[Records shown — start]
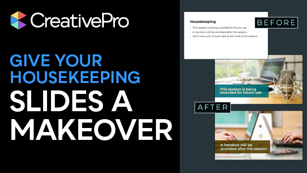 In this presentation design how-to video, Jody Wissing talks about the dreaded housekeeping slide. She shows you how to deliver all the essential info — like timing, breaks, Q&A, and tech tips — without ever uttering the word “housekeeping.” Learn how to naturally weave these details into your presentation in a way that feels engaging, seamless, and participant-focused.
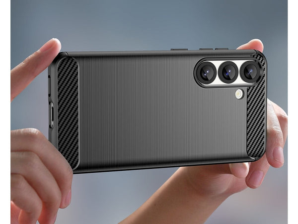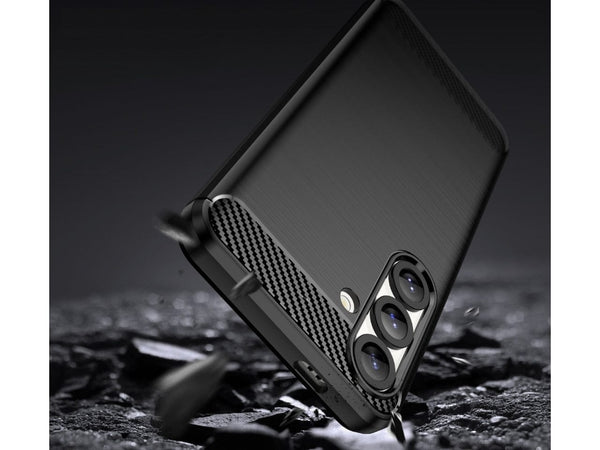 Das ultraleichte Fallschutz Cover mit Carbon Optik in schwarz schützt dein Samsung Galaxy S25 FE effektiv vor Beschädigungen im Alltag. Effektiv gegen Stürze oder Stösse welche unschöne Kratzer und Dellen an deinem Handy hinterlassen.
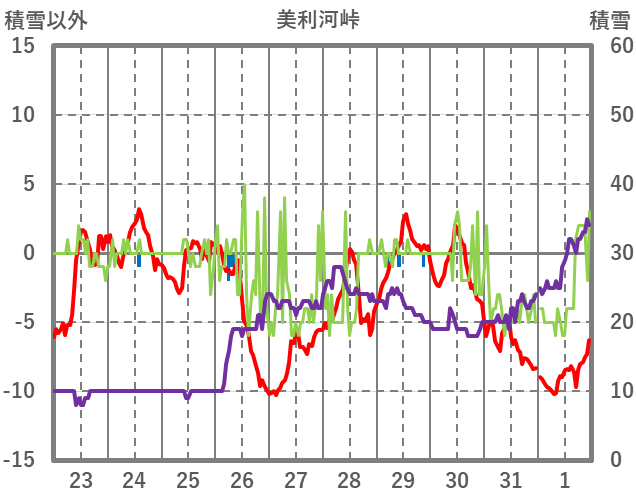 | 日 | 時 | 気温 | 降水 | 風向/風速 | 日照 | 積雪 | 降雪 |
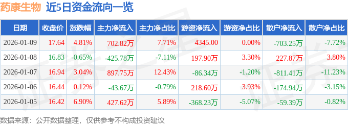 证券之星消息,截至2026年1月9日收盘,药康生物(688046)报收于17.64元,上涨4.81%,换手率1.29%,成交量5.28万手,成交额9111.32万元。
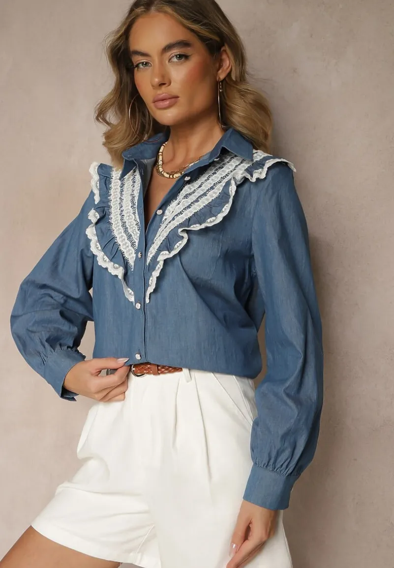 Odkryj niepowtarzalny styl z Rustykalną Koszulą z Bawełny Zdobioną Koronką i Falbankami Lisarilis! Ta koszula z długim rękawem, eleganckim kołnierzykiem i subtelnym dekoltem subtelnie podkreśli sylwetkę i doda szyku każdej stylizacji. Idealna zarówno na casualowe spacery, jak i formalne spotkania – wystylizuj ją ze spodniami typu chinos i klasycznymi balerinkami do biura lub ze sneakersami i jeansami na co dzień. Efekt wow gwarantowany!
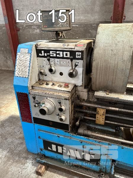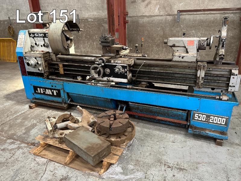 LATHE, JFMT MOD: J-530 X 2000 GAPPED BED LENGTH: 2600mm SWING: 530mm FEED THROUGH: 80mm DIAMETER FITTED WITH SINO DRO, MOD: SDS2L TOOL HOLDERS 3 x 4 JAW CHUCKS, 3 x STEADIES, 2 x SWARF TRAY TOLLIES, FACE PLATE, ETC, 415V WEIGHT: 2870kg
[Records shown — finish]
**What the task asks:**
Starting at the line with "证券之星消息,截至2026年" and finishing at the line with "Odkryj niepowtarzalny styl", copy the material above exactly, both lines included. Nothing else goes in, and no pictures.

**Result of this task:**
 证券之星消息,截至2026年1月9日收盘,药康生物(688046)报收于17.64元,上涨4.81%,换手率1.29%,成交量5.28万手,成交额9111.32万元。
 Odkryj niepowtarzalny styl z Rustykalną Koszulą z Bawełny Zdobioną Koronką i Falbankami Lisarilis! Ta koszula z długim rękawem, eleganckim kołnierzykiem i subtelnym dekoltem subtelnie podkreśli sylwetkę i doda szyku każdej stylizacji. Idealna zarówno na casualowe spacery, jak i formalne spotkania – wystylizuj ją ze spodniami typu chinos i klasycznymi balerinkami do biura lub ze sneakersami i jeansami na co dzień. Efekt wow gwarantowany!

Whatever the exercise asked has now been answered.